Sendikalar sömürüye karşı bir savunmadan daha fazlası. İşçi hareketi geleneksel olarak kendisini rekabetten ziyade işbirliğine, bireysellikten ziyade dayanışmaya dayalı, şu anda sahip olduklarımıza alternatif bir yaşam biçimi sunuyor olarak görür. Eğer meşguliyeti şimdiyleyse aynı zamanda farklı türden bir geleceğin habercisidir. Grevleri nasıl durduracağız? Kaynakların grevleri gereksiz kılacak türden yeniden dağıtılmasıyla. Aksi takdirde kişisel servet ve kamusal sefaletin aynı eski antitezini sürdürmeye devam edeceğiz.

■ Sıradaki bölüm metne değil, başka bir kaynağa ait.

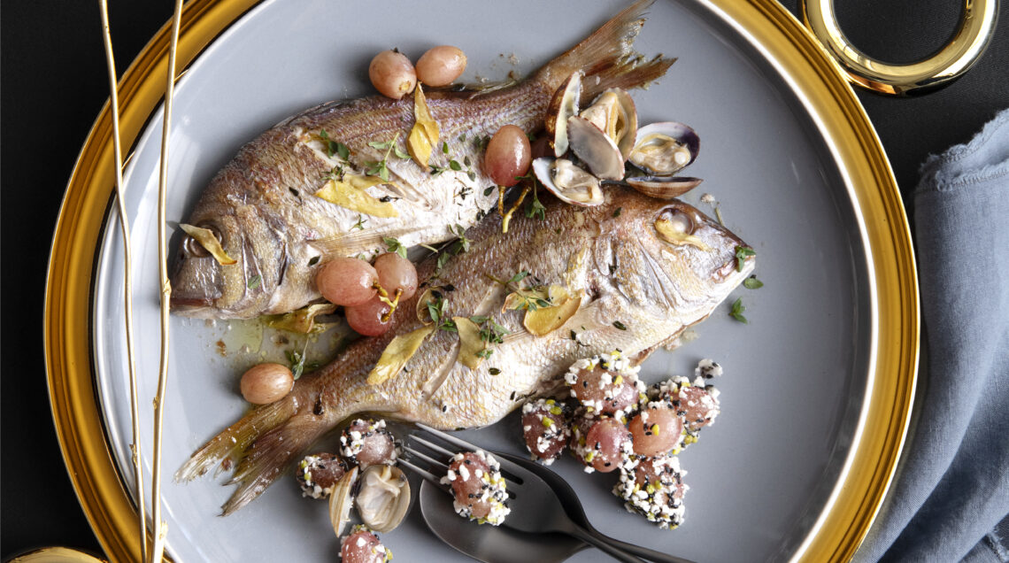 La carni bianche e tenere del pesce sono vivacizzate con lo zenzero e cotte al forno con il sughetto delle vongole. Audace e ben riuscito l'abbinamento con i chicchi di uva caramellata e insaporita da spezie e riso soffiato. Un secondo gourmet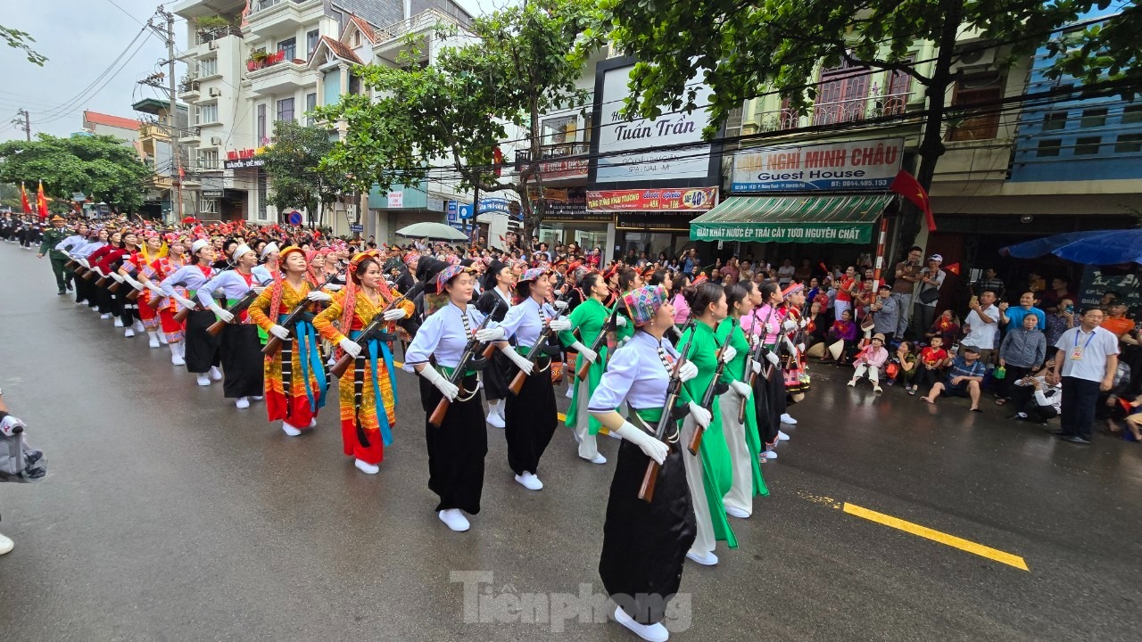 Đoàn diễu hành đi qua các đường phố Điện Biên Phủ trong sự reo hò, phấn khích của người dân.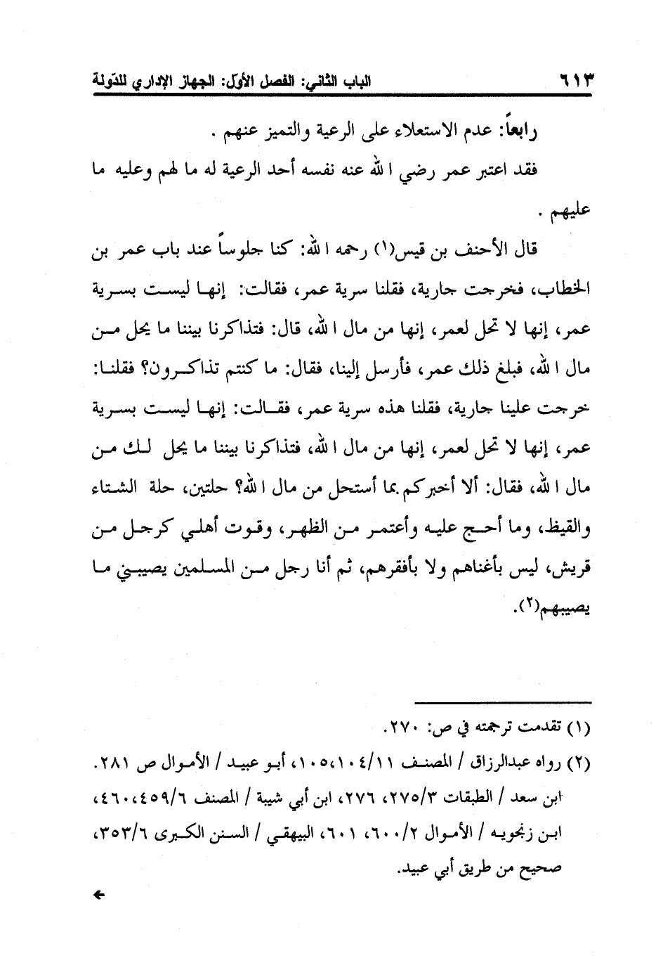 2 رواه عبد الرزاق / المصنف 11/104،105، أبو عبيد / الأموال ص 281. ابن سعد / الطبقات 3/275، 276، ابن أبي شيبة / المصنف 6/459،460، ابن زنجويه / الأموال 2/600، 601، البيهقي / السنن الكبرى 6/353، صحيح من طريق أبي عبيد.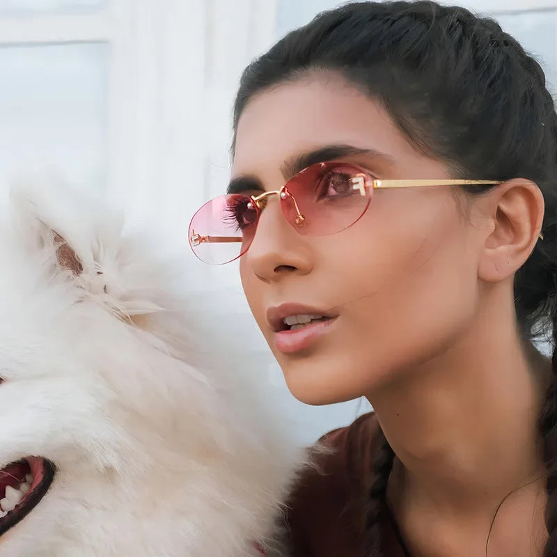 RBB Retro Oval Rimless Sunglasses – Unisex Elegant Diamond Style with Letter “F” Detailing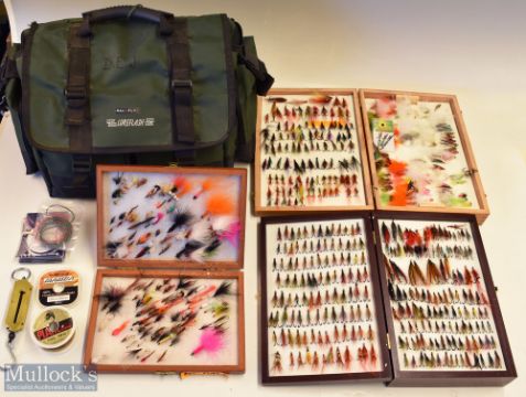 3x Wooden Fly reservoirs featuring a double sided case containing approx. 400 Salmon flies, singles, doubles, trebles, another wooden reservoir with extra tray with Salmon flies approx. 100 and a smaller wooden case with reservoir flies approx. 60 – within Modern Lureflash canvas fishing tackle bag with external pockets and shoulder strap containing line, weigh scales etc – ready to use (4)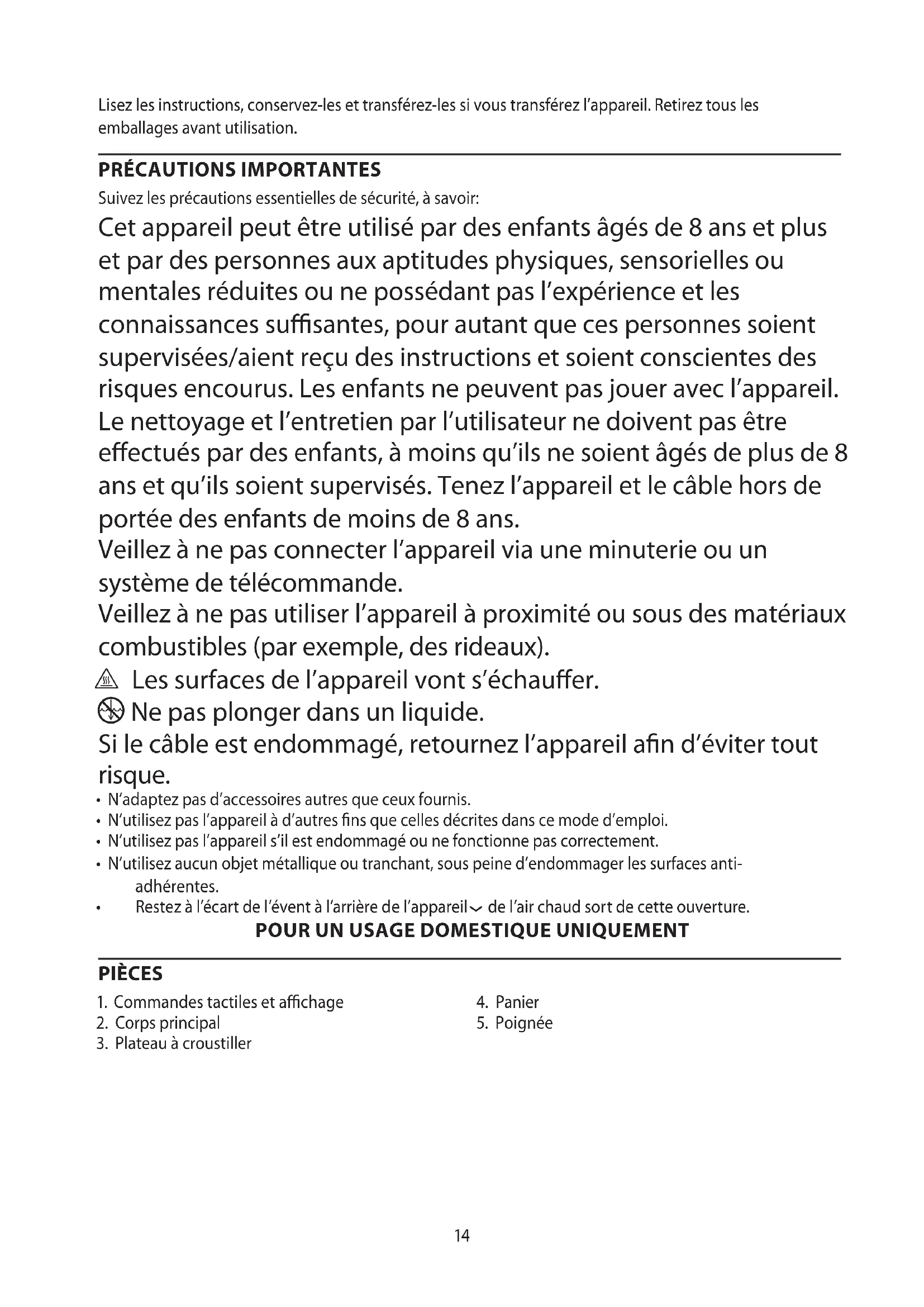 AE14 Lisez les instructions, conservez-les et transférez-les si vous transférez l’appareil. Retirez tous les emballages avant utilisation.
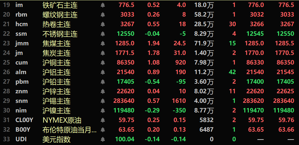 黑色系多飘红,铁矿涨0.52%,螺纹涨0.26%,热卷涨0.55%,不锈钢微跌。双焦方面:焦煤主力合约涨1.94%,焦炭主力合约涨1.78%。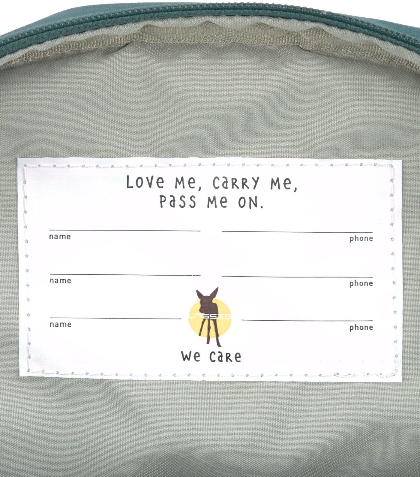 Ein Namensschild auf der Innenseite des Rucksacks schließt Verwechslungen aus.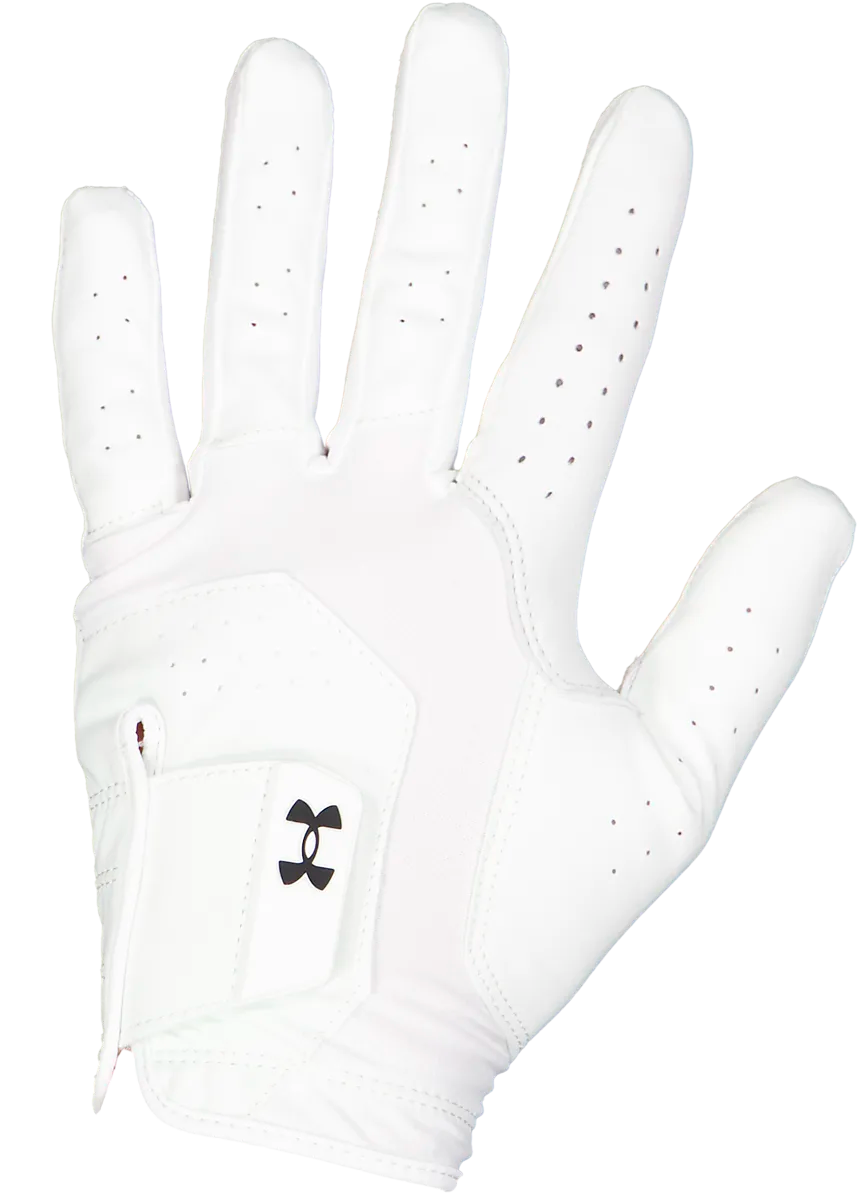 ● Перчатка для гольфа ● Мужские размеры ● Левый ● Микроперфорация повышает воздухопроницаемость. ● 60 % кожа, 22 % нейлон, 11 % полиэстер, 5 % полиуретан и 2 % эластан. Размеры: S, M, L, XL | Цвета: Белый, Черный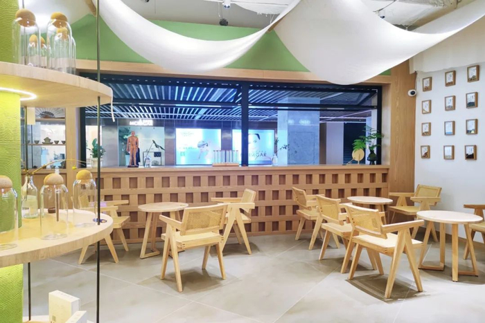 产品上,强调所有原料均为原产地直接定制,优选5A级品质,天然无硫熏、无添加,原创刺梨沙棘早C饮(维C之王)、桑葚树莓晚A水(美白抗衰)、羽衣刮油水等;门店设计上,配以中药柜、草药标本等元素。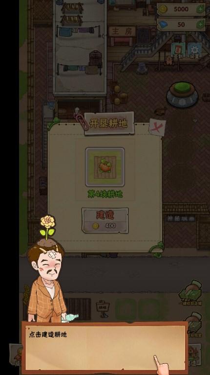 2、根据任务提示,开垦出第五块土地,将仓库升级到二级。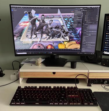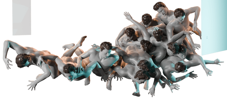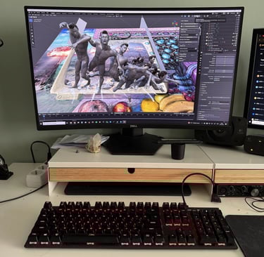 Probably the most intense job I had to do for this study was the modeling of the little male figures that want to come out of the monitor (Img. 9). The figures are imported from Daz and modeled in Blender, an open source 3d software (Img. 10). They were particularly difficult because I had to take into consideration their position within the monitor and the 3 light sources, orange from behind, blue from the bottom right, and White from the left side.. All these had to be good enough to give the illusion that they belong there.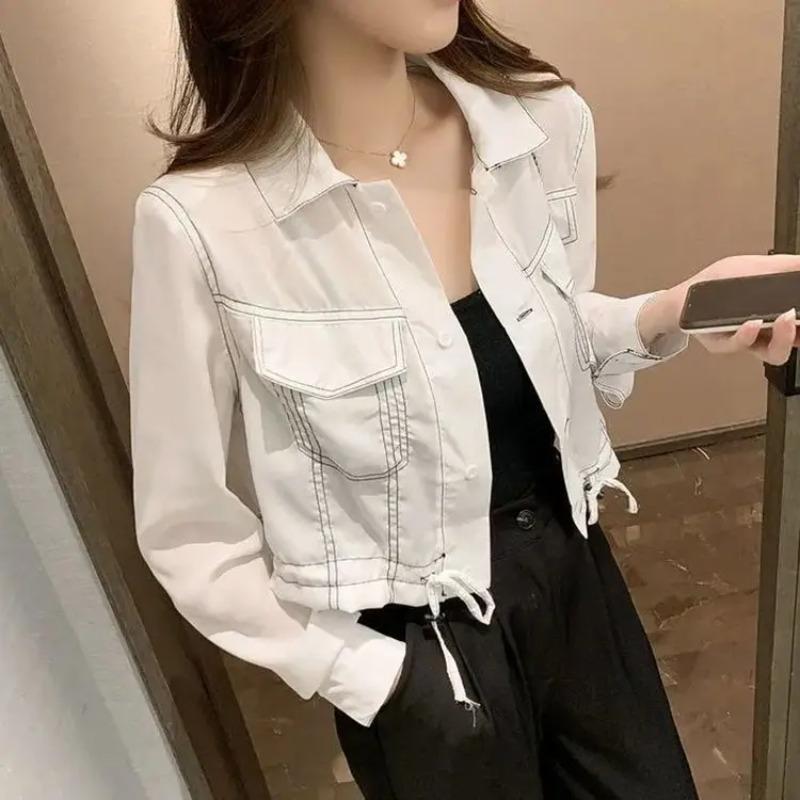 Versatile for Wearing Outside Careful Machine High Waist For Long Sleeved Jacket for Women New Design Sense Niche Short Shirt

(*) Peterloo katliamı: 16 ağustos 1819 günü, parlamenter reform talebiyle Manchester’da bir araya gelen işçilere süvariler saldırmış ve 15 kişiyi öldürmüştü; 1889 Londra liman işçileri grevi (Terry Eagleton tarihleri karıştırıyor olmalı), Friedrich Engels’in de büyük bir coşkuyla karşıladığı, İngiliz emek hareketinde bir dönüm noktası olarak kabul edilen, yaklaşık 100 bin işçinin zaferle sonuçlanan eylemi.